*The problem*: Task for the records below: copy exactly, and only, the line containing "这幢楼房建于1991年,两层" and every line after it to the end, with pictures left out.

[Data items]
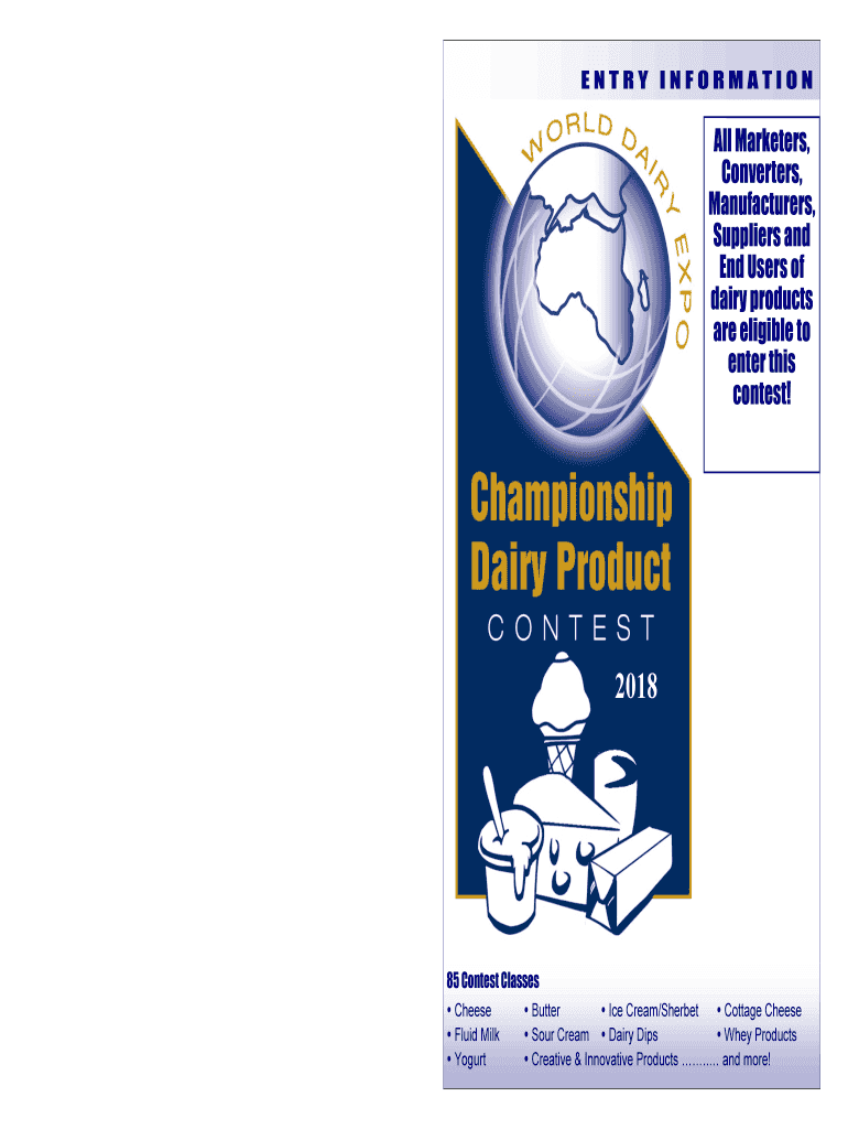 All Marketers, Converters, Manufacturers, Suppliers and End Users of dairy products are eligible to enter this contest!8383 Greenway Blvd., #130 Middleton, WI 53562 Info WPA.net www.wdpa.net 608/836.3336
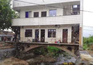 这幢楼房建于1991年,两层高、建筑面积约160平方米,房主一家住了20多年。当年,房主见有座桥废弃不用了,就决定在桥上盖楼房,这样不用占用宅基地。因为地理位置好,位于三岔路口,来往人多,房主还利用马路边的房间开了个小食品店。
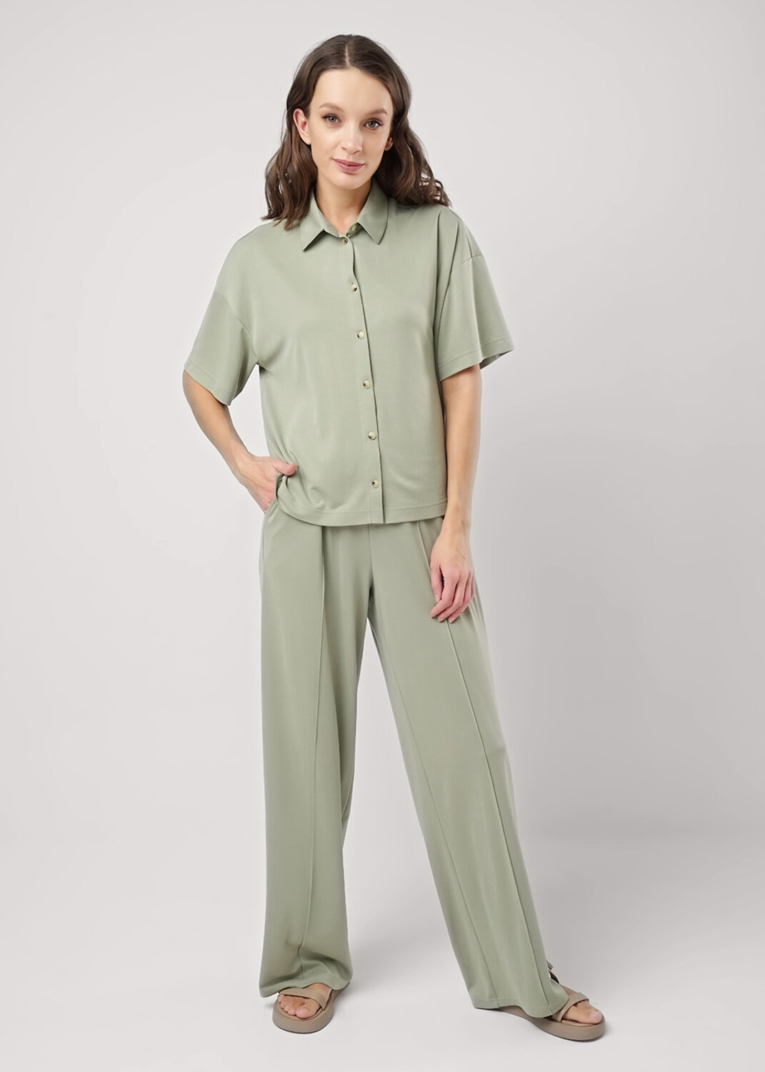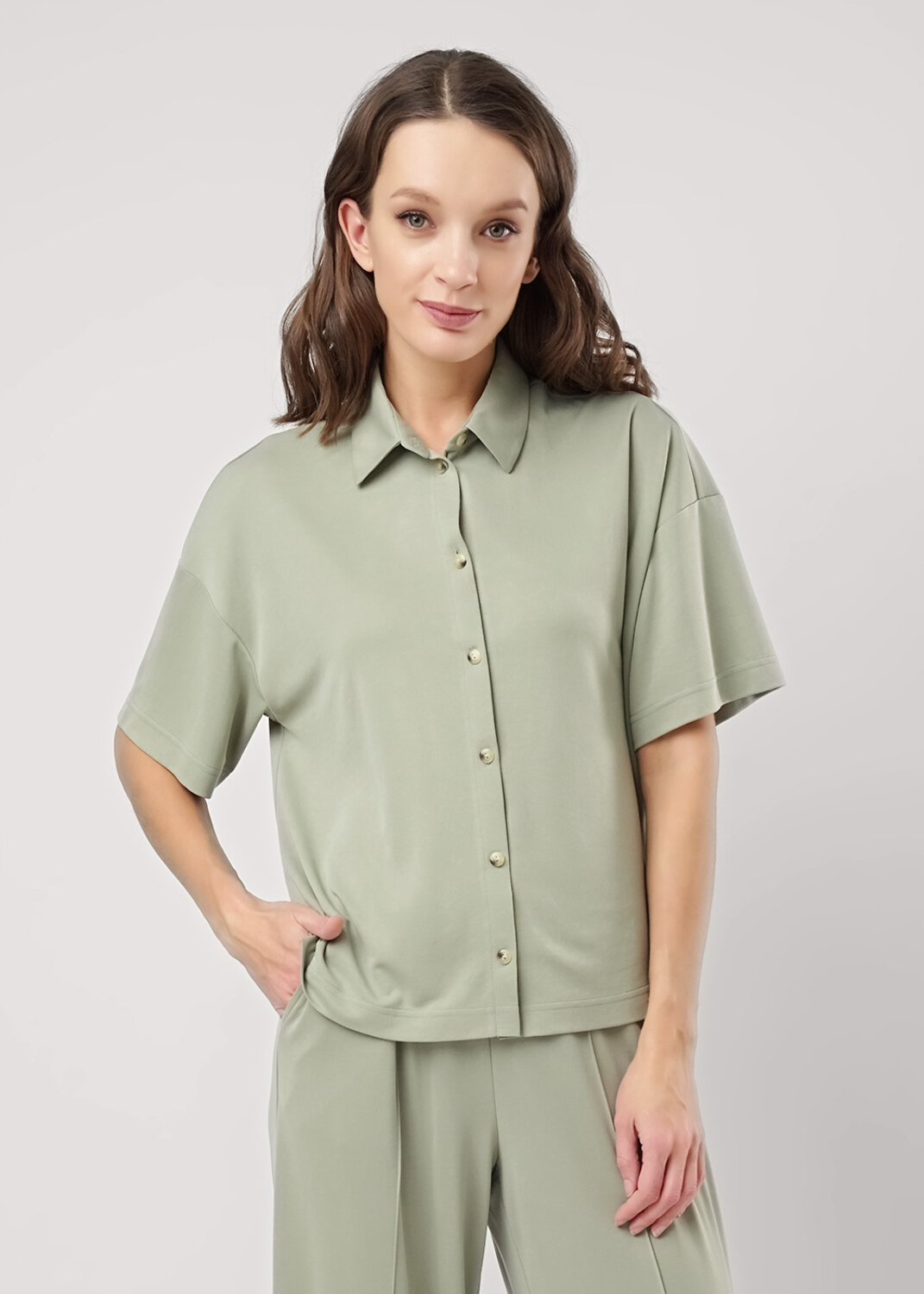 Блузка из вискозного трикотажного полотна пике, свободного кроя. Втачной короткий рукав. Отложной воротник со стойкой, спереди цельнокроеная планка на пуговицах. Боковые разрезы.
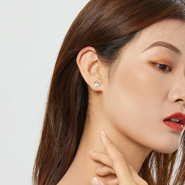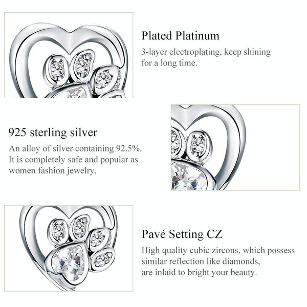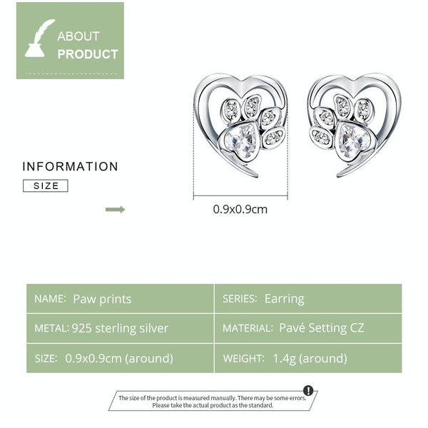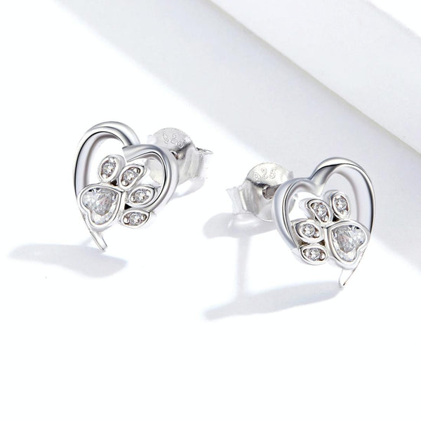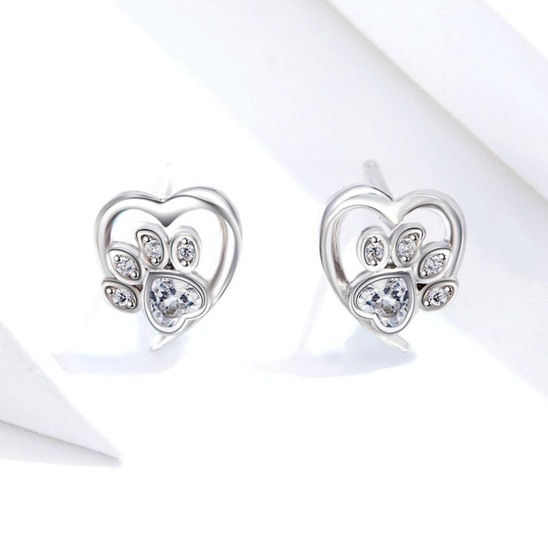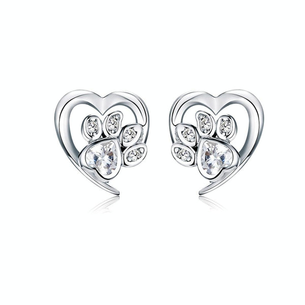 Pet Paw Print Earrings Platinum-plated Love Heart-shaped Girls Earrings, Color:White
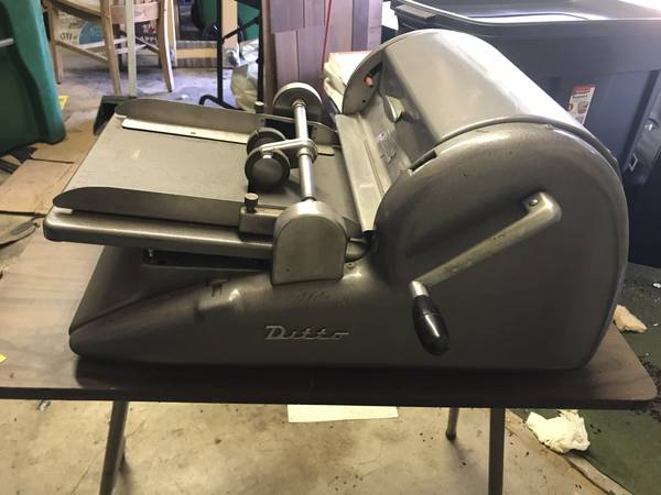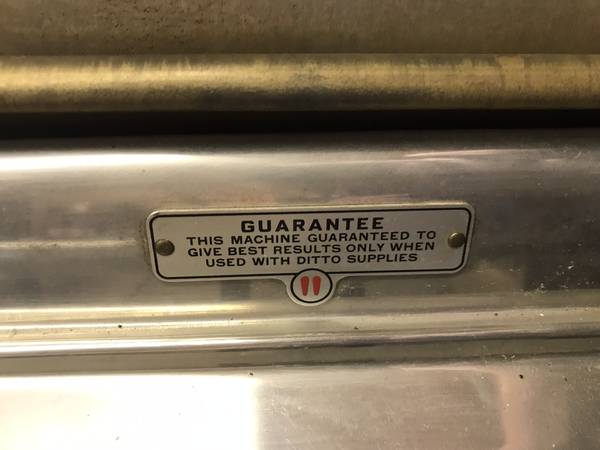 This is an awesome vintage Ditto model 9D15 spirit duplicator processor Machine circa the late 1940s/early 1950s. The first of its kind of printer. These were primarily used for churches and schools. Back when they were first presented, these cost anywhere from $200-$400. Always worked perfectly, never had a problem. also have the rolling stand for it as well sold separately. $495

*Problem solution*:
 这幢楼房建于1991年,两层高、建筑面积约160平方米,房主一家住了20多年。当年,房主见有座桥废弃不用了,就决定在桥上盖楼房,这样不用占用宅基地。因为地理位置好,位于三岔路口,来往人多,房主还利用马路边的房间开了个小食品店。
 Блузка из вискозного трикотажного полотна пике, свободного кроя. Втачной короткий рукав. Отложной воротник со стойкой, спереди цельнокроеная планка на пуговицах. Боковые разрезы.
 Pet Paw Print Earrings Platinum-plated Love Heart-shaped Girls Earrings, Color:White
 This is an awesome vintage Ditto model 9D15 spirit duplicator processor Machine circa the late 1940s/early 1950s. The first of its kind of printer. These were primarily used for churches and schools. Back when they were first presented, these cost anywhere from $200-$400. Always worked perfectly, never had a problem. also have the rolling stand for it as well sold separately. $495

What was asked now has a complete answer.